§ WHAT THE TASK ASKS
Beginning at the line containing "Green Ostrich clutch", repeat each line below exactly up to and including the line containing "Bolsa Tote Flor". Do not repeat the pictures.

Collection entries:
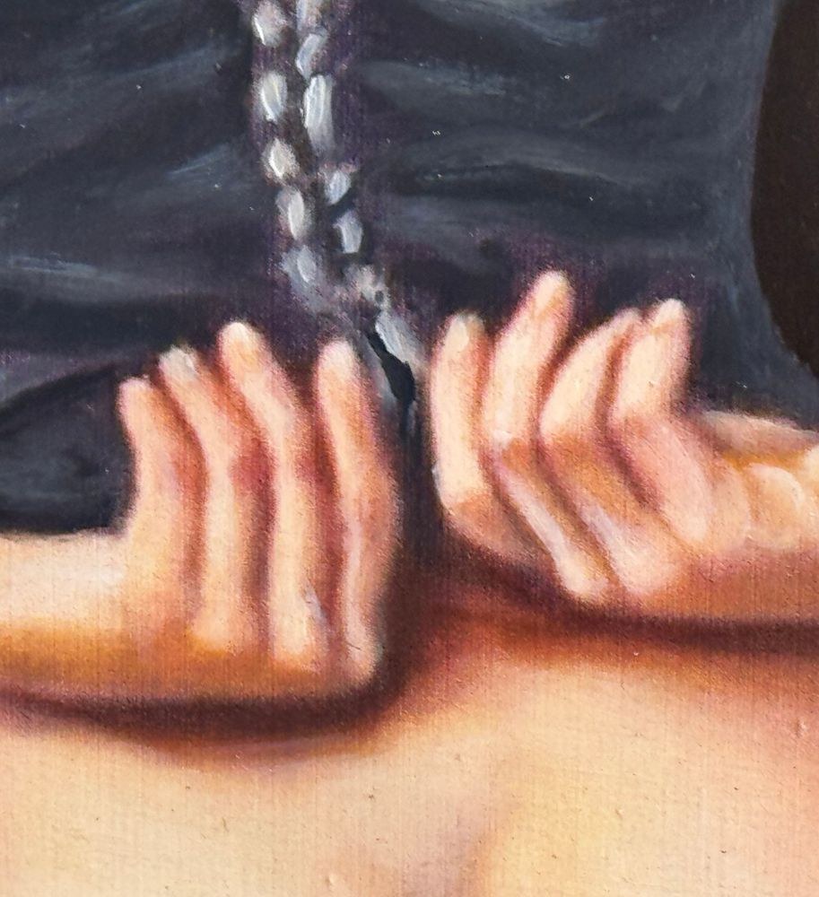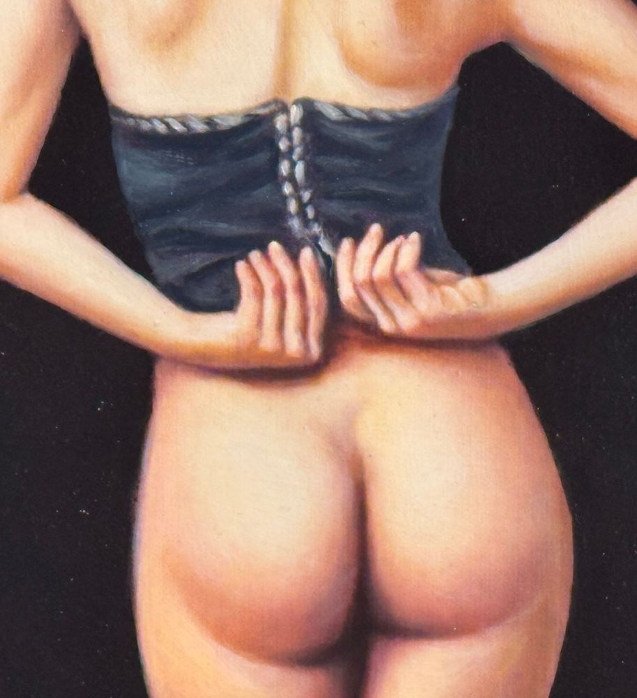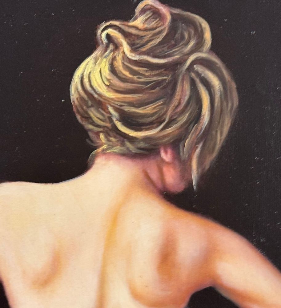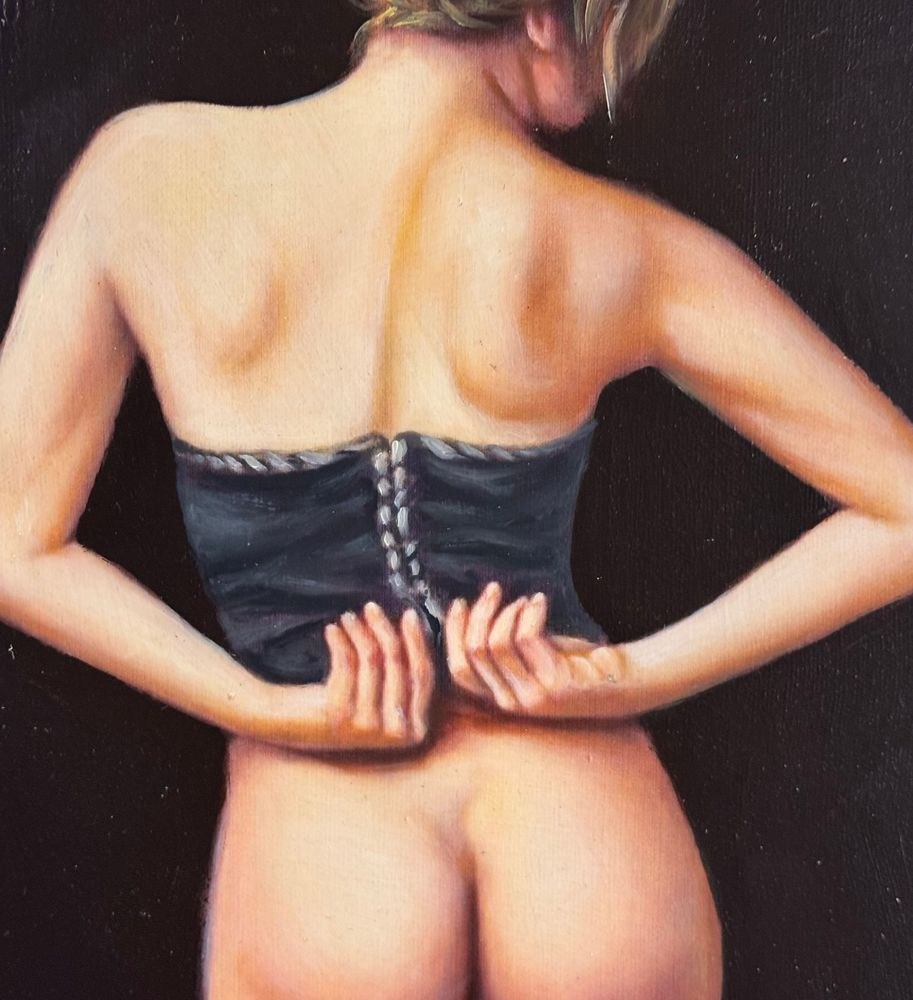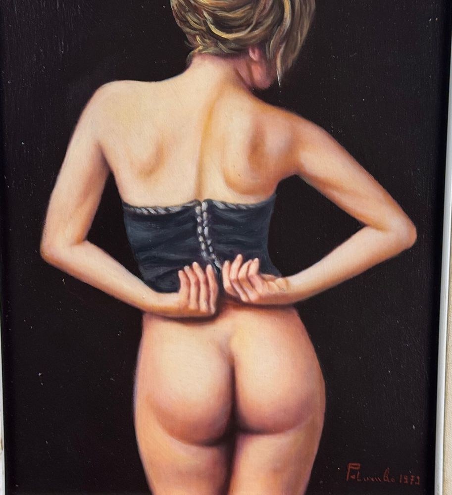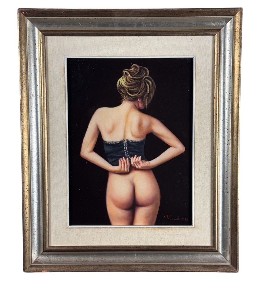 Oil painting on canvas, 20th century period, Italian school, depicting a Nude Woman seen from the back. Dimensions including frame: 50x60 cm. Inner frame dimensions: 30x40 cm. Signed at the bottom right and with an authenticity stamp on the back by an unidentified artist. The artwork is in good condition.
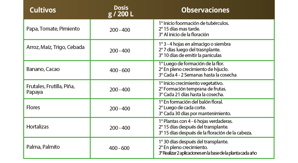 Materia orgánica 40.00 – 60.00 %, Nitrógeno total 0.70 – 1.50 %, Fósforo (P2O5) 0.20 – 1.10 %, Potasio (K2O) 17.00 – 22.00 %, Magnesio (Mg) 0.20 – 0.60 %, Calcio (Ca) 0.20 – 0.50 %, Sodio (Na) 2.50 – 4.00 %, Hierro (Fe) 100 – 350 ppm, Manganeso (Mn) 5 – 40 ppm, Cobre (Cu) 6 – 10 ppm, Zinc (Zn) 15 – 50 ppm.
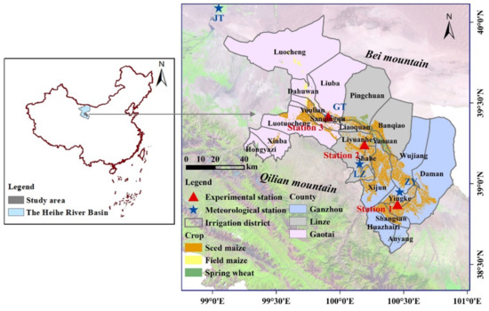 The Zhangye Basin, a typical arid river basin, is the largest seed maize production base in China [49]. The study area is composed of three administrative counties and subdivided into 21 irrigation districts (Figure 1). The climate is typically arid with low precipitation of approximately 120 mm yr−1 and high potential ET of 1200 mm yr−1 [50]. The major types of land use are cultivated land and Gobi Desert, with the major soil textures of loam and silty loam.
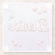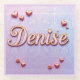 This glass coaster features a lavender gradient background with a pink border. The name Denise is showcased in pink script with pink hearts and daisies. The letters in Denise are pink with a gold outline. The coaster is a square glass coaster. The glass coaster is dishwasher safe.
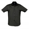 - ОбзорМужская рубашка с коротким рукавом из ткани стрейч. Итальянский полуоткрытый воротник с 1 пуговицей. Облегающий крой, планка на 7 пуговиц в тон изделия.
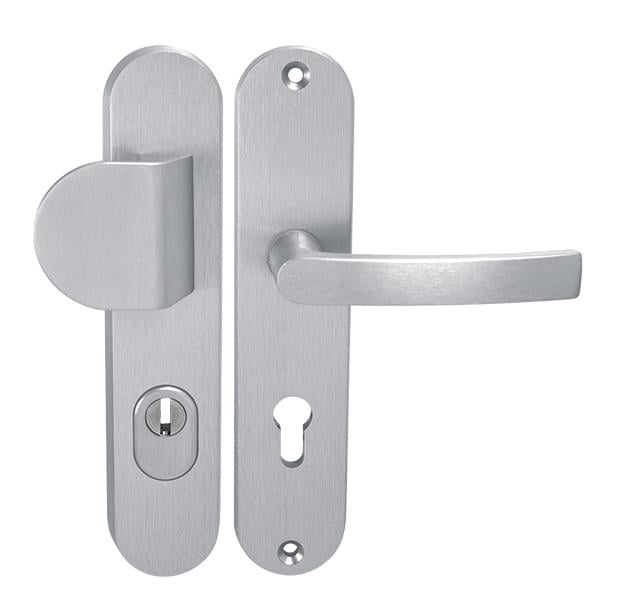 Štítová klika na vchodové a bezpečnostní dveře s bezpečnostním oválným štítem s překrytím cylindrické vložky je vyrobena z hliníku a je povrchově upravena. Oválný štít má rozměry 52 mm x 242 mm a tloušťku 15 mm.
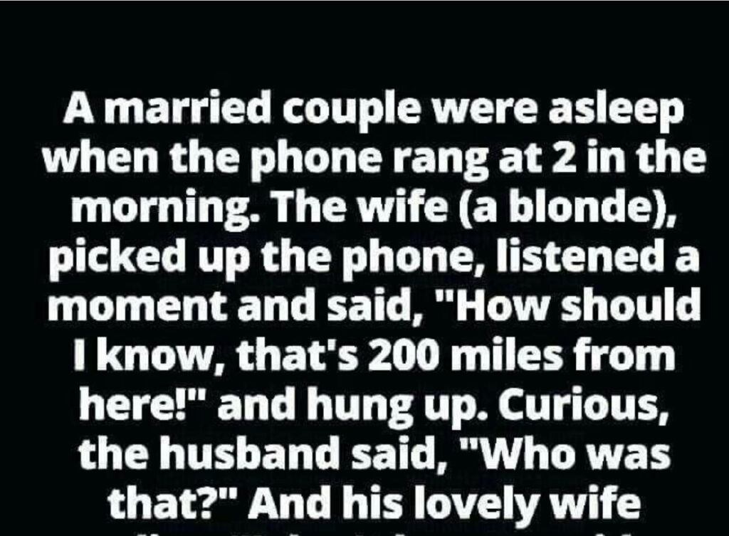 The wife (a blonde) picked up the phone, listened for a moment, and said,“
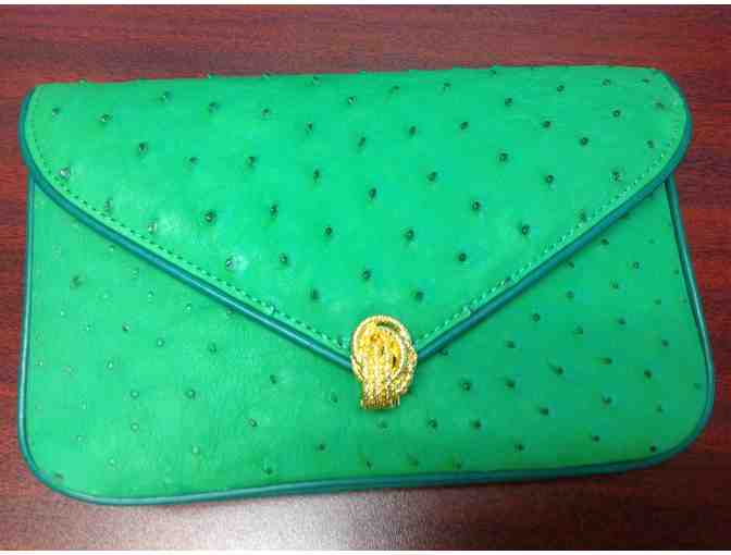 Green Ostrich clutch and Hermes Paris 100% silk scarf
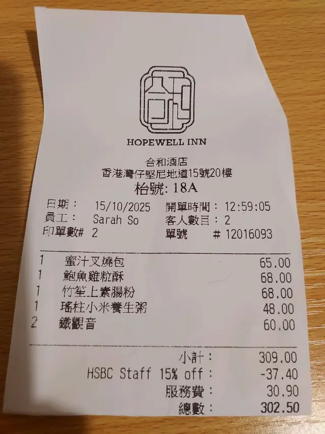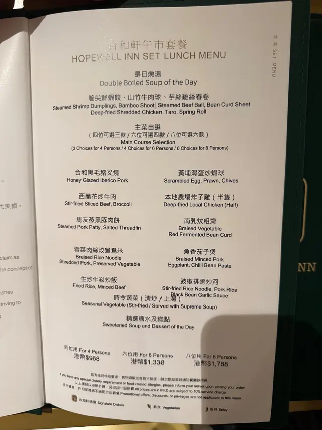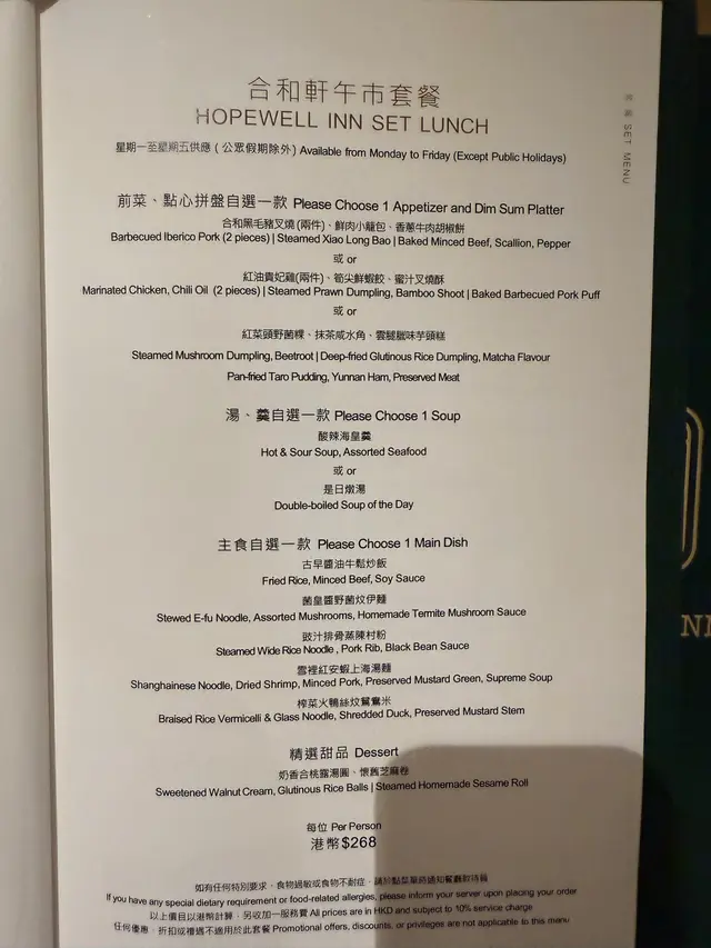 經常試新的餐廳,今次友人提議到合和軒。餐廳環境雅致,予人高檔舒適的感覺。午市套餐包括有湯品、點心、飯麵以及甜品。兩款湯分別為菜膽花菇燉雞腳與瑤柱海皇豆腐羹。兩者之間以燉雞腳較為鮮美,湯底清澈甜潤,喝下滋潤舒服。三款點心有素潮州粉果、蜜汁叉燒包和松露野菜素春卷。素粉果跟普通粉果幾乎一樣,口感太過糯。叉燒包不過爾爾,最有印象的是松露素春卷,起碼松露味突顯。接著的松露野菌醬素菜炒飯跟金銀蛋肉鬆炒飯皆炒得粒粒分明,前者有松露香的優勢,但亦蓋過了其他食材的味道。後者的金銀蛋沒多少作用,反為肉鬆可帶出鹹中帶甜的食味。甜品方面,陳皮蓮子紅豆沙是煲得夠綿的,然而陳皮的味道過於霸道,有些過份。糖水裡有一顆湯丸似的圓波,沒甚麼味道,可有可無。芝麻卷好實,未夠彈性。一個午餐二百六十八個大洋,價錢與食物都屬中等水平。…查看更多
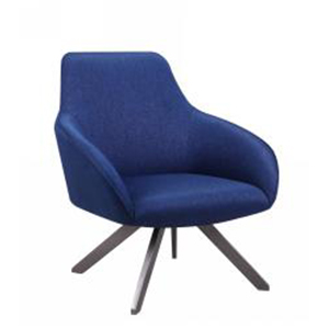 Poltrona in tessuto blu e gambe in metallo rifinita color champagne.
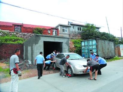 北宅有處嶗山“最牛”的違法車庫,被拆除后又偷著蓋起來。昨天,嶗山城管第3次來拆除這處車庫,發現當事人竟把車停在車庫里阻擾執法。該處違法車庫在北宅峪夼社區,今年3月12日,當事人李某占用公共場地建設車庫,接到舉報后,北宅中隊執法人員立即趕到現場,執法人員說明來意后,當事人李某提供不出任何合法手續,執法人員現場拆除;5月16日,當事人李某無任何合法手續又開始建設車庫,執法人員又一次拆除;7月
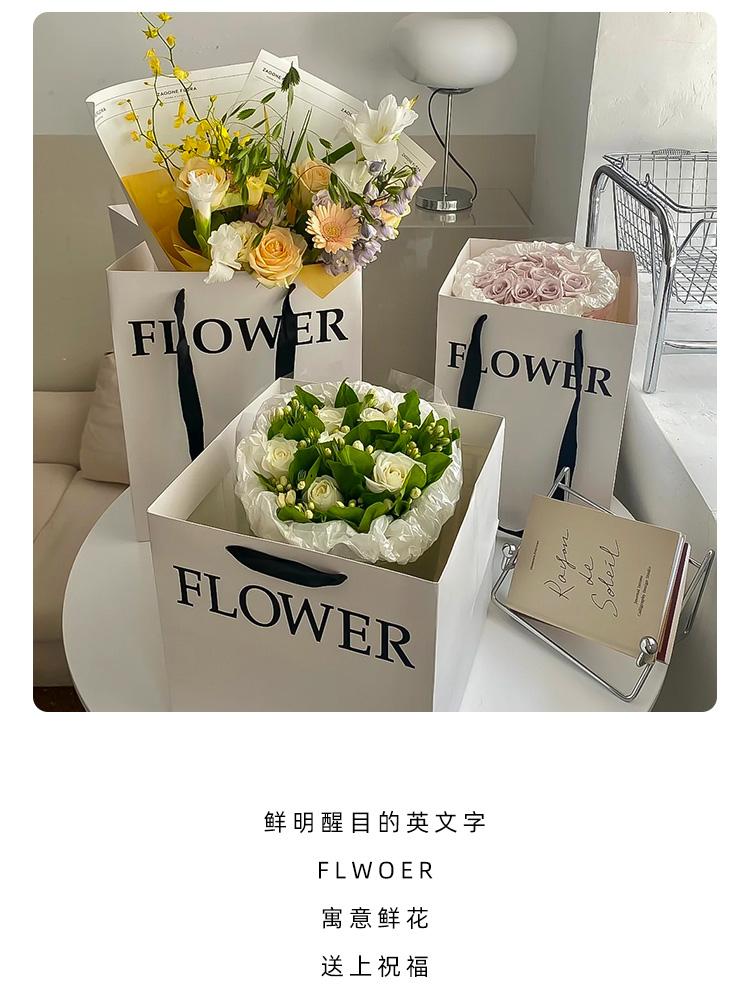 Bolsa Tote Flor Flor Estilo Ins Bolsa de Papel Ramo Regalo Bolsa de Embalaje Bolsa Grande de Papel Kraft Arte Floral
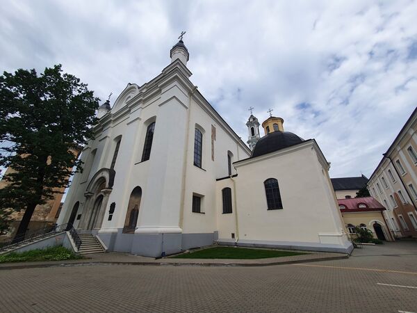 При Свято-Троицком монастыре с XVI века действовал женский монастырь. Монастырь занял здание, в 1609 году перестроенное из трёх соседних готических домов. На средства князей Сапег в 1630 году здание было расширено. Позднее к нему были пристроены два флигеля. Настоятельницей монастыря была дочь Павла Сапеги Екатерина. При женском монастыре находилась небольшая библиотека из книг на польском языке. Женская обитель находилась рядом с мужской, от которой отделялась сначала деревянною оградою, затем каменной стеной, построенной в 1777 году. Помещение монахинь находилось по правую сторону от входа в Троицкий монастырь. Своей церкви в женском монастыре не было, и монахини ходили в Свято-Троицкую церковь через калитку, проделанную у первых ворот. Монахиням женской обители была отдана часовня Воздвижения Святого Креста, пристроенная к церкви по левую сторону от входа. В часовню из женского монастыря вела особая закрытая галерея. Около 1784 года она была разрушена; в 1792 году была построена новая деревянная галерея через колокольню, которая вела в часовню Воздвижения Святого Креста. Тогда же были увеличены окна церкви.
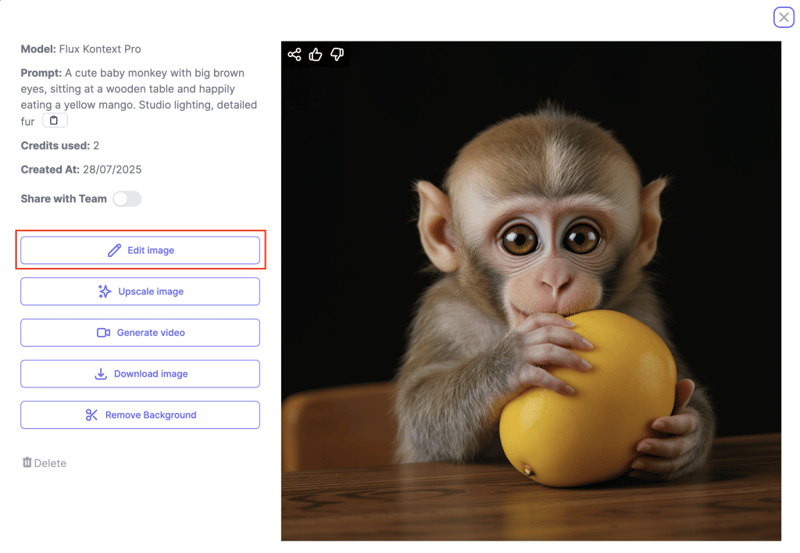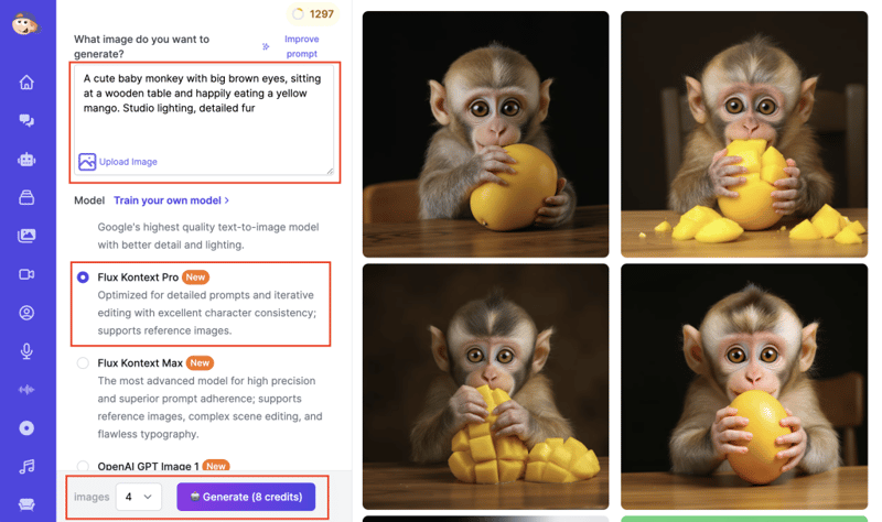 A cute baby monkey with big brown eyes, sitting at a wooden table and happily eating a yellow mango. Studio lighting, detailed fur. - Select the FLUX.1 Kontext model for the best results with character consistency.
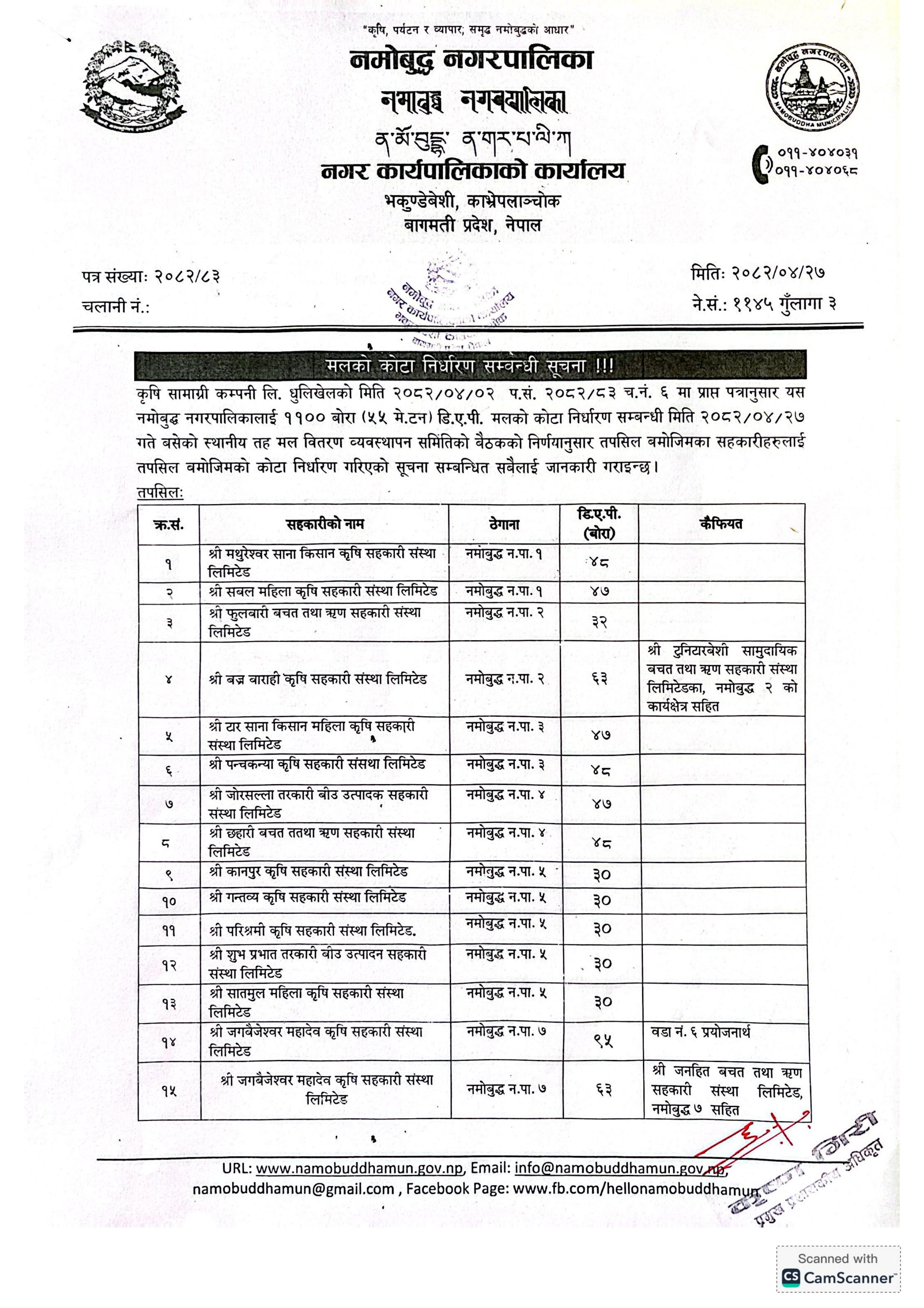 मलको कोटा निर्धारण सम्बन्धी सूचना !!!

§ SOLVED EXERCISE
 Green Ostrich clutch and Hermes Paris 100% silk scarf
 經常試新的餐廳,今次友人提議到合和軒。餐廳環境雅致,予人高檔舒適的感覺。午市套餐包括有湯品、點心、飯麵以及甜品。兩款湯分別為菜膽花菇燉雞腳與瑤柱海皇豆腐羹。兩者之間以燉雞腳較為鮮美,湯底清澈甜潤,喝下滋潤舒服。三款點心有素潮州粉果、蜜汁叉燒包和松露野菜素春卷。素粉果跟普通粉果幾乎一樣,口感太過糯。叉燒包不過爾爾,最有印象的是松露素春卷,起碼松露味突顯。接著的松露野菌醬素菜炒飯跟金銀蛋肉鬆炒飯皆炒得粒粒分明,前者有松露香的優勢,但亦蓋過了其他食材的味道。後者的金銀蛋沒多少作用,反為肉鬆可帶出鹹中帶甜的食味。甜品方面,陳皮蓮子紅豆沙是煲得夠綿的,然而陳皮的味道過於霸道,有些過份。糖水裡有一顆湯丸似的圓波,沒甚麼味道,可有可無。芝麻卷好實,未夠彈性。一個午餐二百六十八個大洋,價錢與食物都屬中等水平。…查看更多
 Poltrona in tessuto blu e gambe in metallo rifinita color champagne.
 北宅有處嶗山“最牛”的違法車庫,被拆除后又偷著蓋起來。昨天,嶗山城管第3次來拆除這處車庫,發現當事人竟把車停在車庫里阻擾執法。該處違法車庫在北宅峪夼社區,今年3月12日,當事人李某占用公共場地建設車庫,接到舉報后,北宅中隊執法人員立即趕到現場,執法人員說明來意后,當事人李某提供不出任何合法手續,執法人員現場拆除;5月16日,當事人李某無任何合法手續又開始建設車庫,執法人員又一次拆除;7月
 Bolsa Tote Flor Flor Estilo Ins Bolsa de Papel Ramo Regalo Bolsa de Embalaje Bolsa Grande de Papel Kraft Arte Floral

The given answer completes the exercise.